AFM: Indie Films Sharpen Competitive Edge

"The Rover"

As the independent sector continues to navigate choppy waters, a number of savvy sales and finance outfits are leaning on film funds and credit facilities to give themselves a competitive edge.

Back in May, Glen Basner’s FilmNation Entertainment secured $50 million in additional capital from Bank of America Merrill Lynch and Union Bank for an equity-backed, part debt, revolving credit facility.

The same month, the Solution Group joined forces with Siren Studios to raise a $50 million revolving equity film fund to finance six to 10 movies a year.
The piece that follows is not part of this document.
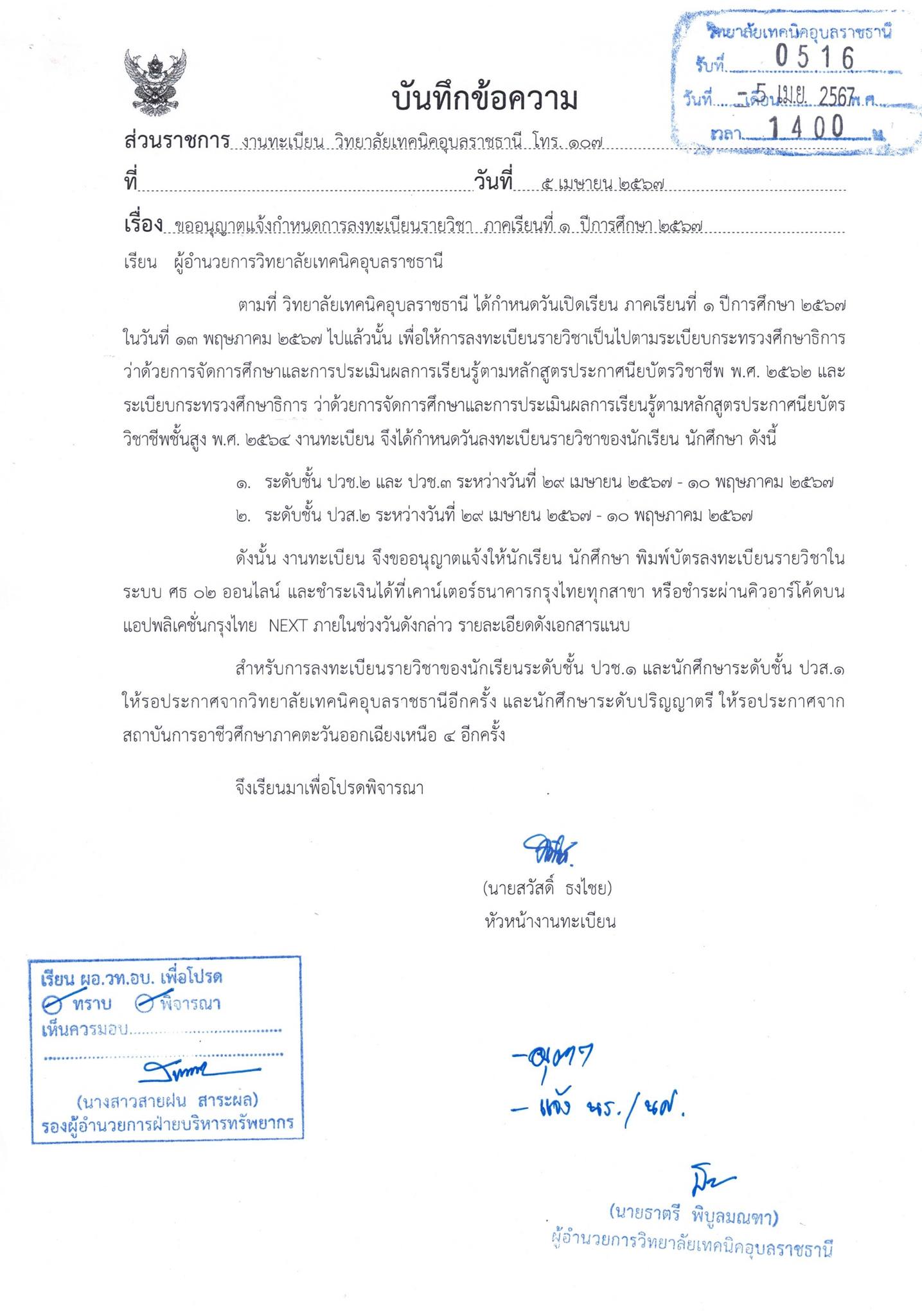 ประกาศวิทยาลัยเทคนิคอุบลราชธานี เรื่อง แจ้งกำหนดการลงทะเบียนรายวิชา ภาคเรียนที่ 1 ปีการศึกษา 2567

“We had been trying to find ways to grow our business and we needed access to equity to do that,” says Basner, whose company’s longstanding relationship with a number of individuals at both banks, many of whom had overseen a raft of single picture deals with FilmNation, helped spur on the deal.

The first film to use capacity on the debt side is David Michod’s “The Rover,” toplining Guy Pearce and Robert Pattinson. The company is putting together the first three productions that will benefit from the equity.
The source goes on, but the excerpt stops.